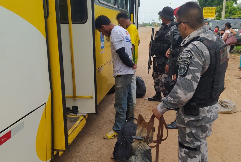 Dois homens foram presos durante uma abordagem a um ônibus da linha Vila Verde, no bairro Plácido de Castro, na rodovia Transacrena, em Rio Branco. Com eles, a polícia encontrou mais de três quilos de maconha, uma arma de fogo e dois animais silvestres.
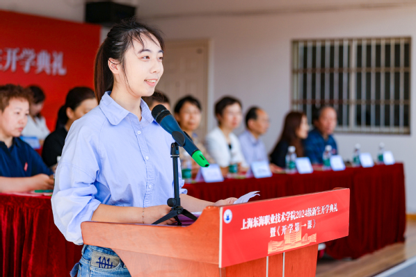黄嘉怡则从学长的角度分享了自己在东海学院成长的点滴,并为新生开启大学生活提出了建议,鼓励新生们以勤勉的态度、丰富的知识、精益求精的技能,把技能强国的梦想贯穿于学业全过程、融会在实现中华民族伟大复兴的实践中,通过大学生活的历练,成为更好的自己,成为母校的骄傲。
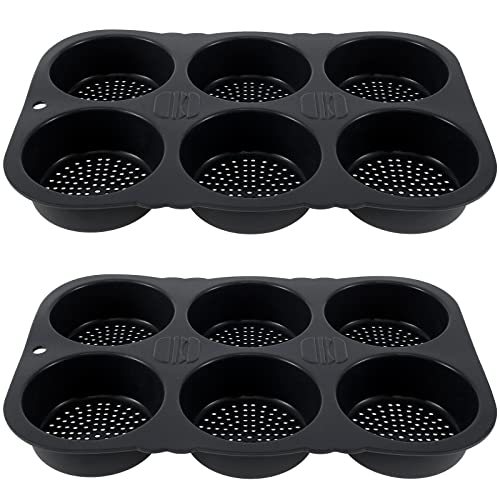 JTNero 2 stampi da forno per hamburger Buns in silicone, rotondi, 6 cavità, per muffin e uovo, antiaderente, in silicone, per hamburger, pane, muffin, torte al cioccolato, torte
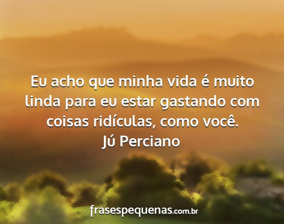 Eu acho que minha vida é muito linda para eu estar gastando com coisas ridículas, como você.Jú Perciano
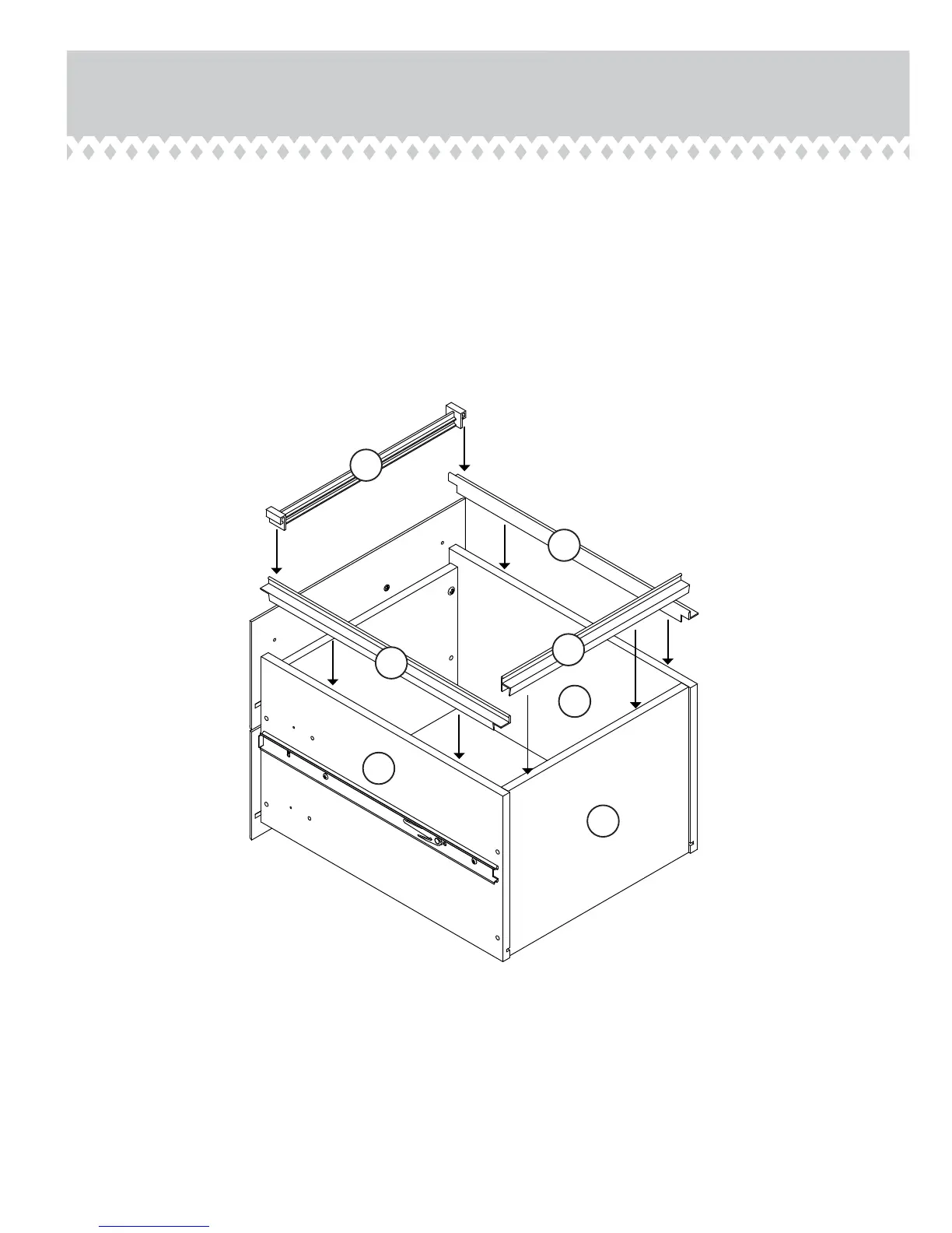 Push the FILE HANGER (E1) onto the FILE RAILS (C1).
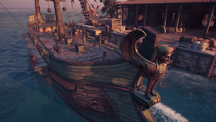 ・写真の下は現在の船の様子。今まで船首像がなかったが、スフィンクスのクエストで、スフィンクスの船首像を手に入れたので付けた。あと、分かりづらいが船員がすべて女性になった。これはオリンピックのクエストの報酬。船員が歌う船歌が女性の声になるのが良い。
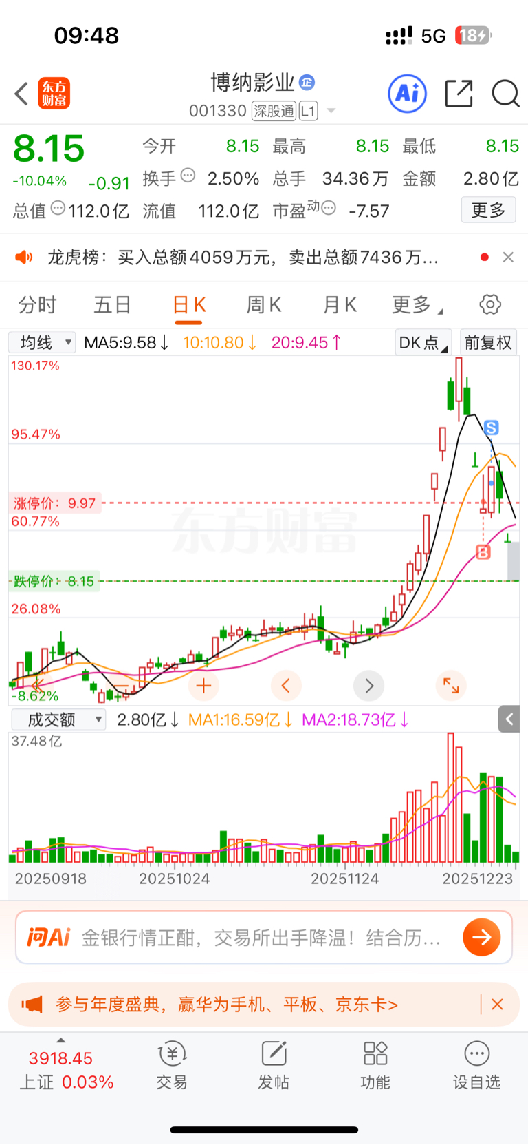 $博纳影业(SZ001330)$ 还好跑得快,这种跌法谁顶得住

[WHAT TO WORK ON] Do not include pictures. Copy only the lines running from the line with "JTNero 2 stampi" through the last line of the records, exactly as they appear.

[YOUR RESPONSE]
 JTNero 2 stampi da forno per hamburger Buns in silicone, rotondi, 6 cavità, per muffin e uovo, antiaderente, in silicone, per hamburger, pane, muffin, torte al cioccolato, torte
 Eu acho que minha vida é muito linda para eu estar gastando com coisas ridículas, como você.Jú Perciano
 Push the FILE HANGER (E1) onto the FILE RAILS (C1).
 ・写真の下は現在の船の様子。今まで船首像がなかったが、スフィンクスのクエストで、スフィンクスの船首像を手に入れたので付けた。あと、分かりづらいが船員がすべて女性になった。これはオリンピックのクエストの報酬。船員が歌う船歌が女性の声になるのが良い。
 $博纳影业(SZ001330)$ 还好跑得快,这种跌法谁顶得住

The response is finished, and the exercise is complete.